“好,通知陸洋。”九爺說完,尹夢江就跑去打電話了。


    “陸洋,九爺找你有事,想讓你快點來齊家一趟。”尹夢江撥通了電話說著。


    “現在嘛?我最早,也要明天上午才能到。你告訴九爺,我現在出發。”陸洋說著。


    “好,注意安全。”尹夢江說著,掛了電話,對九爺說著:“陸洋明天上午迴來。”


    “多謝諸位了。這件事,是我做的,我甘願受罰。還望諸位,念在往日的情分上,不要為難陸家。”陸家大伯說著。


    “陸大哥,放心吧。”九爺安慰著。


    當晚,陸家大伯坐在齊家的院落之內,看著天空上的明月。


    四家的主事人,也都在齊家住下,還有餘琴。


    餘琴帶著那位婦人和女子,去了一個雙人間,讓她們暫時住在這裏。


    “小夥子,多謝你了。”婦人很客氣地說著。這婦人的兒子,就是當年被陸家大伯殺害的,正是詭絕門之中的一位。

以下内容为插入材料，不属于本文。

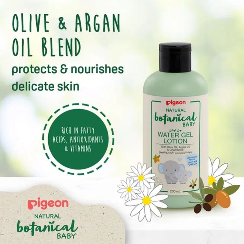 Pigeon Natural Botanical Baby Water Gel Lotion is a safe, lightweight, and hydrating solution for newborns, containing argan, olive oil, and chamomile extract.

    “言重了。天網恢恢疏而不漏,陸家老大,罪有應得。”餘琴說著。


    “不管怎麽說,還是要謝謝你。”


    “阿姨,您先休息吧!我先出去了。”餘琴說著,走出了房間。


    那女子見狀,立即追了出去。


    “餘琴。”女子喊著。


    “怎麽了?要暖床嗎?”餘琴條件反射般地說著。


    “我。。。”女子的臉,瞬間便的通紅,一時不知道自己應該說什麽。


    “啊,你啊!找我什麽事?”餘琴問道。


    “我哥哥的事情,謝謝你。不然,我可能永遠都不知道我哥哥被殺的真相。”女子說著。


    女子名叫鍾婉,他的親哥哥,也是當初被陸家大伯殺害的。


    二十年前,她們的父母死於意外。鍾婉,是被自己的哥哥養大的。後來,自己的哥哥出了事情,鍾婉便被孤兒院收養。


    “哦,沒事。早點睡吧!”餘琴安慰著。


    “你有時間嘛,我想四處走走。”女子說著。


    餘琴看了看女子,當時自己找人的時候,比較匆忙,還未來得及多看。


    如今,月色朦朧,女子的身材,在月光的照射下,勾勒得很是完美。


    前凸後翹,身材勻稱,餘琴不禁聯想,晚上自己也沒事,如果能有美女相伴,也是件好事。


    “好吧!那我帶你去京城鬧市區走走,你還是第一次來京城吧!”餘琴說著。


    “嗯。”


    “那正好,你這樣的女孩最好騙了。走吧!”餘琴說著,轉身,向齊家的大門走去。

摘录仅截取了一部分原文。